O universo luminoso dos fungos bioluminescentes V

Bioluminescentes na Amazônia
Embora sejam conhecidas dezenas de espécies de fungos bioluminescentes no mundo, apenas uma é conhecida na Amazônia. As recentes descobertas de espécies tropicais na Mata Atlântica são oriundas do esforço dos pesquisadores que, após serem informados por moradores locais, se dispuseram a investigar a existência dessa biodiversidade e se surpreenderam com as muitas espécies que ocorrem no Petar.

Como na Amazônia o conhecimento sobre a diversidade de fungos ainda é incipiente, e depende da presença dos especialistas, é provável que novas espécies existam e corram risco de extinção antes mesmo de serem descritas e catalogadas. Caboclos e ribeirinhos, que andam na floresta durante a noite para caçar, já repararam que muitas vezes folhas e galhos no chão brilham. O que eles não sabem é que essas espécies relativamente comuns são fungos não descritos e, portanto, desconhecidas para a ciência.

Conhecemos atualmente apenas uma espécie na Amazônia: Mycena lacrimans. Ela havia sido coletada na Reserva Ducke (AM) e descrita por Rolf Singer (1906-1994), micólogo alemão, que estudou dezenas de espécies na região amazônica entre as décadas de 1970/80. Entretanto, como fora coletada durante o dia, Singer não sabia que seus cogumelos eram bioluminescentes.

Raridade na Amazônia
Em 2005, durante uma expedição de uma disciplina de pós-graduação em ecologia do Instituto Nacional de Pesquisas da Amazônia (Inpa) para a rodovia BR-319, que liga Manaus a Porto Velho, um de nós (Braga-Neto) teve a oportunidade de penetrar na floresta e descobrir, por acaso, a ocorrência de cogumelos bioluminescentes. Eles foram localizados ao longo de igarapés, em florestas próximas ao quilômetro 83, no município de Careiro. Com a colaboração de Dennis Desjardin, a identidade da espécie foi revelada.

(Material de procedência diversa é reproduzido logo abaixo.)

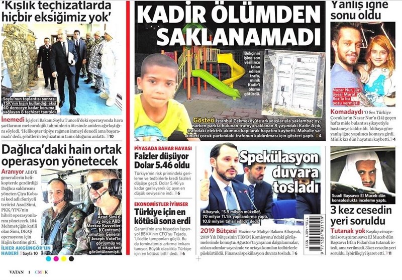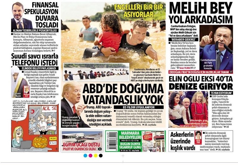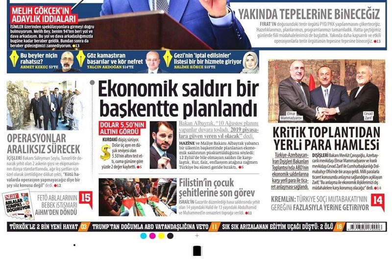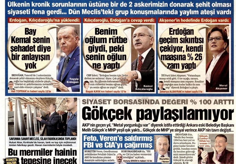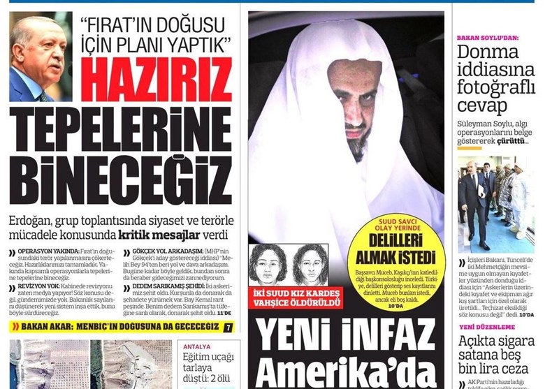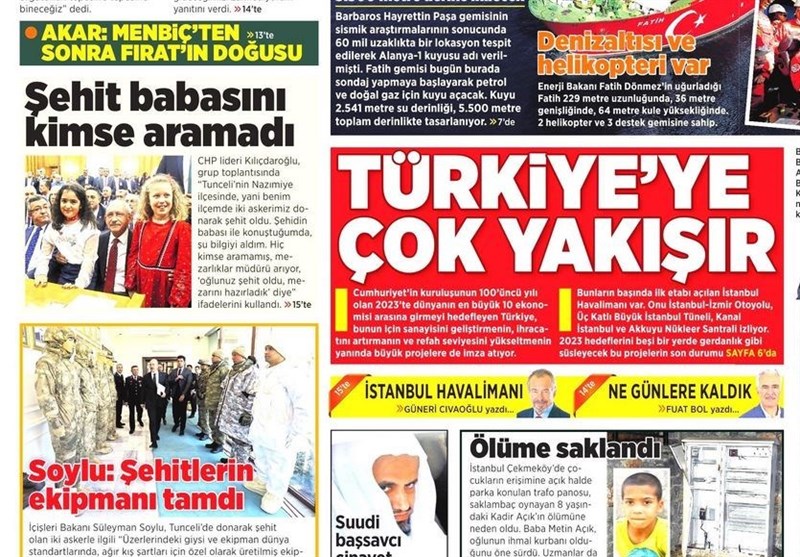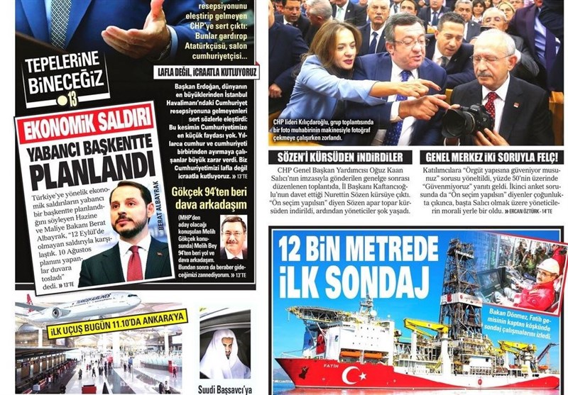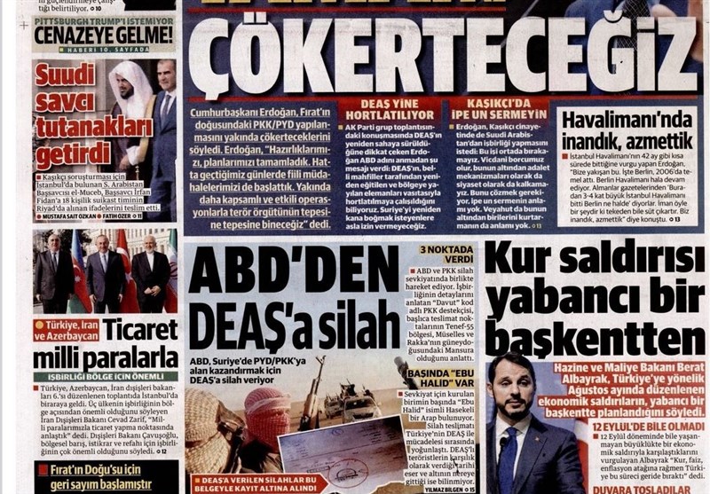 به گزارش گروه بینالملل خبرگزاری تسنیم، بسیاری از روزنامههای ترکیه، امروز در عکس و تیتر صفحه نخست، سخنان اردوغان در مورد حمله به شرق فرات را برجسته کردهاند. همچنین این روزنامهها موضوعات دیگری مانند تنش و اختلاف بین احزاب ترکیه را مورد توجه قرار دادهاند.
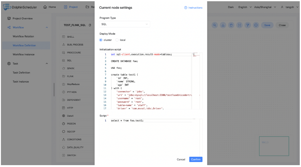 # environment variableexport PYDS_JAVA_GATEWAY_ADDRESS="192.168.1.1"export PYDS_WORKFLOW_USER="custom-user"# file changeDirectly change ~/pydolphinscheudler/config.yaml# CLIpydolphinscheduler config --set java_gateway.address 192.168.1.1pydolphinscheduler config --set java_gateway.address 192.168.1.1 --set java_gateway.port 25334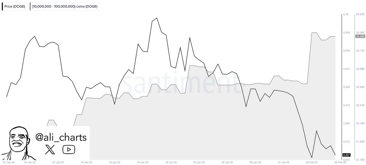 Despite the growing bearish influence, whales are purchasing DOGE at a massive discount. As per the recent X post by Ali Martinez, whales have seized the opportunity to buy 750 million DOGE.

Na Amazônia, a presença de rodovias está diretamente associada ao desmatamento, perda de biodiversidade e degradação de serviços ambientais. Atualmente, a repavimentação da BR-319 é foco de grande preocupação, pois a rodovia corta uma imensa área do estado do Amazonas altamente preservada. Sem planejamento adequado, isso poderia catalisar degradação ambiental. Segundo Philip Fearnside e Paulo Maurício Graça, pesquisadores do Instituto Nacional de Pesquisas da Amazônia (Inpa), os benefícios econômicos usados para justifi car a necessidade do asfaltamento da rodovia são questionáveis, sendo mais indicado transportar produtos por hidrovia, aproveitando o grande potencial natural da região. Infelizmente, o local onde os espécimes de Mycena lacrimans foram coletados já está desmatado, e não se sabe qual o efeito dessa alteração sobre a espécie. É certo que unidades de conservação podem reduzir significantemente o desmatamento e a perda de espécies. Duas unidades foram criadas recentemente na região, e o Ministério do Meio Ambiente está atuando, juntamente com a Secretaria de Estado do Meio Ambiente e Desenvolvimento Sustentável do Amazonas (SDS-AM) pela criação e implementação de um mosaico de unidades de conservação ao longo da rodovia, com diferentes categorias de uso. Essas unidades tenderão a favorecer a conservação dessa espécie de fungo raro e permitirão que moradores locais e visitantes venham a conhecer pessoalmente sua existência. E, eventualmente, ajudar a descobrir novas riquezas naturais na região.

Biodiversidade de Fungos
Assim como as plantas e os animais, os fungos constituem um reino à parte, caracterizado por uma imensa diversidade e ampla distribuição geográfica. Entretanto, eles estão entre os organismos menos conhecidos do mundo, fato que é ainda mais acentuado em regiões tropicais. Essa realidade é preocupante, pois os fungos desempenham funções indispensáveis ao funcionamento de ecossistemas terrestres, atuando como decompositores, simbiontes e parasitas.

Como o caso dos fungos bioluminescentes demonstra, o acúmulo de conhecimento e a descoberta de novas espécies estão intimamente associados à quantidade de pesquisadores envolvidos. Nos últimos anos, o número de micólogos atuando no Brasil teve uma significativa expansão, especialmente por alunos de pós-graduação do Rio Grande do Sul, Pernambuco, São Paulo, Santa Catarina e Rio Grande do Norte. Não existem apenas mais pesquisadores envolvidos; a produção per capita também aumentou significativamente.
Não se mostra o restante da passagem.